Intrinsically disordered regions (IDRs) of proteins do not adopt a highly populated structure in isolation, but sample a wide range of conformations. IDR-mediated interactions are implicated in a variety of cellular processes from signal transduction and liquid-liquid phase transition (1–5). IDRs are subjected to extensive pre- and post-translational regulation to modulate protein function in response to cellular stimuli (6–9). Many functions of IDRs, such as entropic springs, flexible linkers or spacers are directly associated with their structural attributes (10,11).
Proteins containing intrinsically disordered regions are present in a considerable fraction of the proteome of eukaryotic organisms (e.g. 43.6% in humans based on MobiDB-lite predictions). In the human proteome, for example, IDRs are highly enriched in interaction interfaces and post-translational modification sites, which serve as regulatory switches of a variety of biochemical pathways (12). Short linear motifs in the IDRs of viruses lead to functional promiscuity and enable compact viral proteomes to extensively rewire their host cells (13). Given the lack of a requirement for a stable globular fold, interfaces in IDRs also appear to have higher evolutionary plasticity allowing them to proliferate in a proteome by ex nihilo evolution. As a result, IDR interfaces are possibly more widespread than ordered interfaces (14). Despite their central roles in key cellular regulatory processes, only a small fraction of disordered regions have been experimentally characterised (15,16). While difficulties in protein expression, purification and structural characterisation hamper experimental characterization, assigning functional modules to dynamic conformational ensembles presents a technical problem for a database.

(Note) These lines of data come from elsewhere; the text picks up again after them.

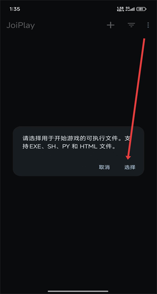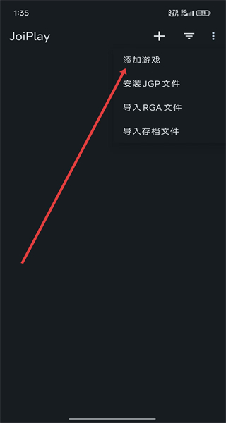 2.添加游戲:打開joiplay模擬器,點(diǎn)擊右上角“+”選擇添加游戲,找到文件夾【精靈寶可夢(mèng)無限融合5.0.36 】,選擇【Game.exe 】。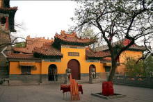 興國禪寺居千佛山山腰,內有大雄寶殿、觀音堂、彌勒殿、對華亭,占地3000平方米,是山東著名香火勝地。據(jù)明成化七年(1471年)石志記載,該寺曾遭兵火破壞,成化四年(1468 年)8月3日,德王府內官蘇賢游覽千佛山,看到當時情景,不勝慨嘆,于是捐資建佛殿、僧房、廚房、糧倉等。寺門朝西,上額刻有原中國佛教協(xié)會主席、書法家趙樸初題寫:"興國禪寺"四字。楹聯(lián)石刻:"暮鼓晨鐘驚醒世間名利客,經(jīng)聲佛號喚回苦海夢迷 人",為濟南清未秀才楊兆慶書寫。殿內塑釋迦牟尼、大悲觀音、地藏王菩薩、十八羅 漢、四大天王。門內兩側,有鐘鼓二樓。進寺門南側,千佛崖石壁上鐫刻佛像多尊。山崖由西向東依次有龍泉洞、極樂洞、洞天福地石坊、對華亭。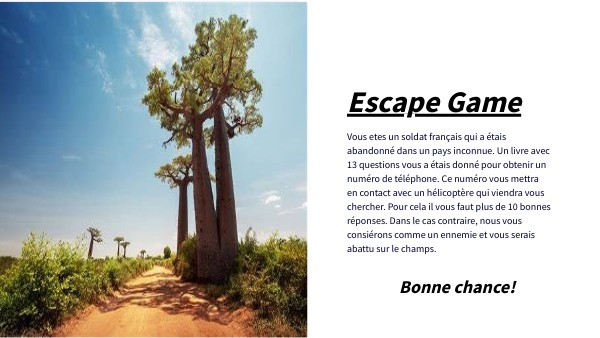 Vous etes un soldat français qui a étais abandonné dans un pays inconnue. Un livre avec 13 questions vous a étais donné pour obtenir un numéro de téléphone. Ce numéro vous mettra en contact avec un hélicoptère qui viendra vous chercher. Pour cela il vous faut plus de 10 bonnes réponses. Dans le cas contraire, nous vous consiérons comme un ennemie et vous serais abattu sur le champs.

Manually curated databases, such as DisProt (17,18) and IDEAL (19), collect annotations from the literature and standardise that information. These databases assign the position of IDRs in the sequence, and aim to assemble disorder-related functional annotations. Other databases focus on functional features: DIBS (15) and MFIB (20) collect regions undergoing folding upon binding, and ELM (16) annotates linear motifs. IDRs forming fuzzy complexes are collected in the FuzDB database (21), which also aims to establish links between structural properties and function. Proteins reported to undergo liquid-liquid phase separation (LLPS) typically contain IDRs, which are available in PhasePro (22), PhaSepDB (23) and LLPSDB (24). Altogether, these specialized datasets exhibit a limited overlap, which presents a bottleneck for comprehensive characterisation of the IDRs contained therein (25).
Large-scale identification of IDRs often depends on primary deposition databases of structural data, like the PDB (26), which can be used to indirectly derive disorder information from missing and mobile residues. Although annotation based on this information is less reliable compared to curated resources, it provides a larger set of examples (27,28). A complementary source of information is provided by sequence based predictors, which typically exploit amino acid biases in regions of proteins to identify IDRs (29). Deriving information from these methods requires a critical assessment of the different techniques, which has been implemented in independent blind tests and in the Critical Assessment of Intrinsic protein Disorder (CAID). These efforts, in particular CAID, enable integrating large-scale predicted information on disordered regions into other core data resources such as InterPro (30), UniProtKB (31) and PDBe (26) via MobiDB-lite (32).
In contrast to structural data, functional annotations related to disordered regions are underrepresented in public databases and ontologies (33). This presents a bottleneck for large-scale functional assignment of disordered regions. Functional predictions are in essence limited to regions that fold upon binding, e.g. ANCHOR (34), DISOPRED3 (35) and MoRFCHiBi (66). Recently, prediction of regions that remain disordered upon binding (36) and of regions that exhibit fuzzy binding (37) became available. A new generation of disorder function predictors is also being developed (36) based on the Critical Assessment of Function Annotation challenge (CAFA) (37) and DisProt-based Disorder Ontology (17).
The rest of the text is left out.